[ale] passwords

Drifter drifter at oppositelock.org
Sat Feb 12 11:04:13 EST 2011


the recent chatter about network security has, mostly, skirted around the 
password problem. Too many web sites that need strong security restrict 
passwords by length, or character set, or both. So also do many corporate 
web sites.  Software exists that can generate random alphanumeric 
passwords, but they routinely suffer the same fault: being difficult to 
remember, users end up with notes taped to monitors, voiding the security.

For the past decade or so I have been recommending that computer users 
pick out several favorite poems/songs and use them to generate passwords.
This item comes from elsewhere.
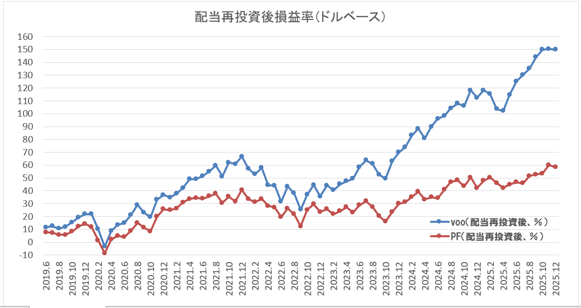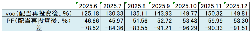 マイ米国株ポートフォリオ VS VOO(2025年12月末時点)

For example, fans of mathematics might reach for Lewis Carroll:

The time has come, the Walrus said, to talk of many things,

which would generate the short password  <tthctwsttomt>, which munged just 
a little bit becomes <TthctW5ttomT>.

or perhaps, 

’Twas brillig, and the slithy toves
Did gyre and gimble in the wabe

which would generate <tbatstDgagitw>

English majors might prefer something from "The Love Song of J. Alfred 
Prufrock":

In the room the women come and go,
Talking of Michelangelo.

Or the opening of "A Tale of Two Cities":

It was the best of times, it was the worst of times;

I do not, for obvious reasons, ever suggest the song
"All I want for Christmas is a hippopotamus."  :)

The people I advise do not understand the need for encryption, so the 
topic of pass phrases does not usually come up. Memorable quotations from 
obscure works are ideal, but all too often are not considered.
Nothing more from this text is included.